Евгений Белянкин - Садыя
— Извините, пожалуйста, Валерий…
— Кузьмич.
— Да… Я слушаю, Кирилл Степанович. Что? Не понимаю. Но…
В трубке глухой и далекий голос шутлив: «Жалоба… Что ж ты зажимаешь критику снизу, дала распоясаться уголовным элементам, воров поддерживаешь?»
— Тюлька? — Садыя долго вспоминала. — А, Тюлька? Казак Андрей Петров? Так и написано, что семиреченский казак Петров спелся с уголовниками?
Мембрана пищала: «Да-да… мастерят общие делишки, и вы заодно, в газете о них пишете… прославляете…»
— Ну, в газете, положим… А Балабанов теперь в обком уже пишет, понял, что в горкоме бесполезно. Ну что ж, давайте еще раз вернемся к этому пустому, на мой взгляд, делу, с одной стороны, и важному — с этической.
Садыя положила трубку.
— Оторвали, Валерий Кузьмич. Разрешите продолжить наш разговор, — сказала Садыя. — Конечно, ошибочно полагать, как это часто делается, что всякое комбинирование дает лучшее решение задач организации производства. Последнее выгодно лишь при известном масштабе предприятий, при относительно высоком уровне концентрации.

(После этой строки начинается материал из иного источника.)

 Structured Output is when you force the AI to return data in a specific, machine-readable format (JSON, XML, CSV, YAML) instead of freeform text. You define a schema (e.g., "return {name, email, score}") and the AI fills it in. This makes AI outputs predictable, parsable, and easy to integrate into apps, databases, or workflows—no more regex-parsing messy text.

Разговор подходил к концу. «Эта женщина стоит на твердой почве, — подумал профессор, — и очень даже».
Садыя уезжала на стройку, к Лебедеву. Перед отъездом попросила соединить ее с хозотделом:
— Пожалуйста, устройте профессора. И дайте ему возможность работать. — И подала руку профессору. — Вы, Валерий Кузьмич, пожалуйста, позвоните.
— С удовольствием… С большим удовольствием.

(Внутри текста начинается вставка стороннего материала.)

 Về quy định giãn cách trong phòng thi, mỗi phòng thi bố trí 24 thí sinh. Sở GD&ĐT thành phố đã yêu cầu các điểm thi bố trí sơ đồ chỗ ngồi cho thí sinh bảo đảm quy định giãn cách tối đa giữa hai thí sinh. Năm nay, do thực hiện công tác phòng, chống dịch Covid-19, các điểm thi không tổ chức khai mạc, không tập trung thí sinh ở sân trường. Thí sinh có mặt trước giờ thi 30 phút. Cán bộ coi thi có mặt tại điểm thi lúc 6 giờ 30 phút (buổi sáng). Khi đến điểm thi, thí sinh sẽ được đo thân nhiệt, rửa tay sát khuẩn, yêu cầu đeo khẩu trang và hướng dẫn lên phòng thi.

Лебедев с утра ждал секретаря горкома. И вот она наконец приехала.
Дом готовился принять новоселов.
Садыя была придирчива, лазила с этажа на этаж, ходила по комнатам, довольная тем, что в общем-то было сделано все неплохо: «Справился Лебедев; всыпали, и справился. Вот что за люди: одним слова достаточно, других надо песочить, чтобы поняли, до печенки дошло».

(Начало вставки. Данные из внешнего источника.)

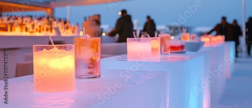 Fototapeta premium A glowing ice bar sculpted from clear ice, with holiday cocktails and frosty aesthetics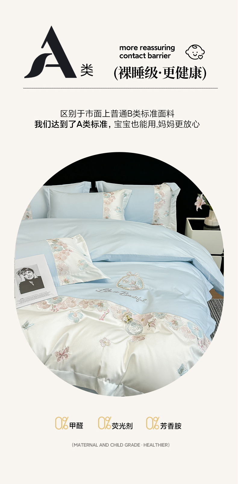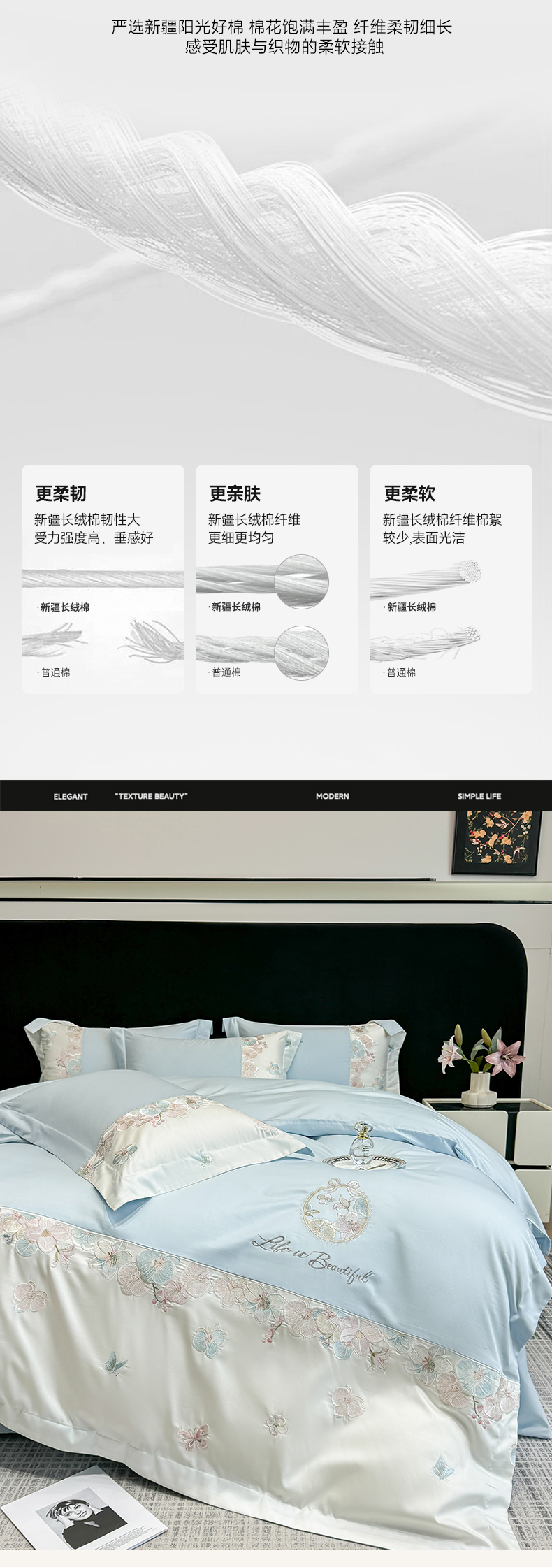 (总)欣宜家纺 2026春夏新款60支A类新疆长绒棉刺绣轻奢风四件套,樱花-白粉,樱花-清香绿,樱花-少女粉,樱花-天天蓝,樱花-香芋紫

Свежей краской пахли столы, полы.
Лебедев не отставал от секретаря. Высокий, худой, он заглядывал через ее плечо, ожидая указаний. Все хорошо шло, если бы не случился конфуз. Лебедеву обидно прямо стало. И надо же…
Кое-где в квартирах появились жены строителей, выбирая себе комнаты. В одну квартиру вошла и Садыя. Все ей понравилось здесь — и обои, и паркет, и на кухне есть все, чтобы облегчить труд женщины: мусоропровод, вода горячая и холодная, атмосферный холодильник.
В одной комнате она застала женщину небольшого роста, курносенькую и толстенькую. Та с любопытством встретила Садыю. А Садыя как раз потрогала ручку двери и сказала:
— А вот ручка плохо прикреплена. Надо переделать дверь-то.
— Хорошо, — сказал Лебедев, — сделаем, как надо. Мелочи у нас кое-какие остались.
Неизвестно, что взбрело в голову этой толстенькой; носик пуговкой задрожал, а глаза округлились:
— Нечего вам здесь, гражданочка, выбирать. Без вашей милости обошлись. Эта комната занята.
— Да вы не беспокойтесь, — улыбнулась Садыя, — если надо, комнату отделают лучше.
— Ишь, краля, идите сами в лучшую, а мне и здесь удовлетворительно. И ручку не трогайте. Она не ваша.
Говорливая попалась. Лебедев, вконец сконфуженный, не знал, что и сказать; рот открыт, как у дохлой рыбы… и ни слова. А у курносенькой, как из пожарного насоса: слова струей так и льются.
— Небось начальственная жинка. И двери ее не удовлетворяют. Иди к своему хахалю и скажи, чтоб он тебе другую квартиру нашел. За эту насмерть буду стоять.
Садыя все выслушала и засмеялась:
— Правильно, боевая, молодцом отбрила. Ну что ж, пойдемте, товарищи, эта квартира занята.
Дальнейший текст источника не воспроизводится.